I don't know about you, but I like to make as much money as possible, by doing as little work as possible.

I rather make a $1000 profit by filling 25 orders at a decent margin, rather than by filling 250 orders at a narrow margin.

Macro

4:48 pm on Feb 8, 2004 (gmt 0)

WebmasterWorld Senior Member 10+ Year Member



This also could translate into honest/dishonest webmaster, but I want to rephrase it a little:
Depending on geography, Alexa either tells you something about your traffic or not. Here in Europe Alexa is a non-issue and I don't pay much attention to its traffic rankings.

I don't see it as a clear issue of honesty. An honest webmaster may have the Alexa toolbar installed for genuine reasons - as the original poster has - but the fact that he always visits his own site skews the result.

I do think that it's an excellent point that you can artifically only *inflate* results, not deflate them.

The geography/location of site or visitors in not an issue. I don't see how Europe is any different from the rest of the world as far as Alexa is concerned. I will agree that Alexa is close to a non-issue, but that applies whereever on Earth you are. Take it's traffic rankings together with lots of other information including metricsmarket.com, trafficrankings.com etc to form a "rough" idea of how well a site is doing with "volume of traffic". None of them will give you an indication as to the quality of traffic and/or the conversion rates ;-)

gr8appeal

5:24 pm on Feb 8, 2004 (gmt 0)

10+ Year Member



From my experience (managed an affiliate program for 6 years), two sites, selling the same item will get the same click through to a buyer ratio if they're within 20% of each others price... Low prices most of the time turned customers away... would you buy windowsXP from a website that sells it for $20 or for $200? When it comes to Alexa, their ratings count what YOU allow them to count. If you don't want to be seen by Alexa (and I don't want my competitors to see me), pasword protect your index page. :) send everyone to a secondary page.

M2D_Media

6:56 pm on Feb 9, 2004 (gmt 0)

10+ Year Member



The only problem I have with Alexa is that it is Spyware. I use Ad-Aware and it nails Alexa. (even M.S.'s use of Alexa to track internet activity). If I visit your site it won't even register with Alexa. Many other people use anti-spyware as well. So you might not be getting as accurate a reading as you think.

Macro

7:05 pm on Feb 9, 2004 (gmt 0)

WebmasterWorld Senior Member 10+ Year Member



M2D Media, any toolbar will be picked up by programs like "hijack this" as possible spyware, including the Google toolbar.
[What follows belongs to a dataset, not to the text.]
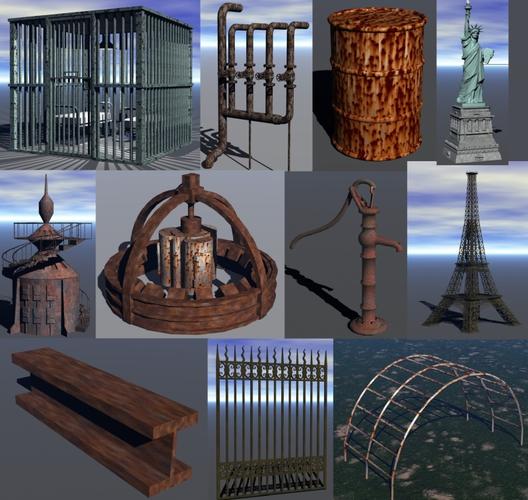 You want feedback? See the enclosed image. I'm havin' the time of my life here! This is great! The wire fence materials are a real time saver as well as being low on the poly count. I sat down and loaded all the files in one sitting this time and now I'm having trouble figuring out just exactly which material I want to use! I'm overwhelmed with choices...which is not such a bad thing. The enclosed is just a really quick render, throwing in whatever I had to see what looked good on what with very little rhyme or reason. The TARDIS was an afterthought....a result of watching the Christmas special, I guess. Anyway, yeah, an index would be good in the future, but not having one hasn't really slowed me down much. I'm sure it'll be a while before I run out of stuff to play with on this set.

The whole point of installing the Alexa toolbar is to provide Alexa with information on the sites you visit in exchange for them providing you with some estimates on how popular particular sites are with other alexa users. Nobody expects an accurate reading because Alexa's ranks are extrapolated from data Alexa does collect. Your visit to the site does not need to register with Alexa.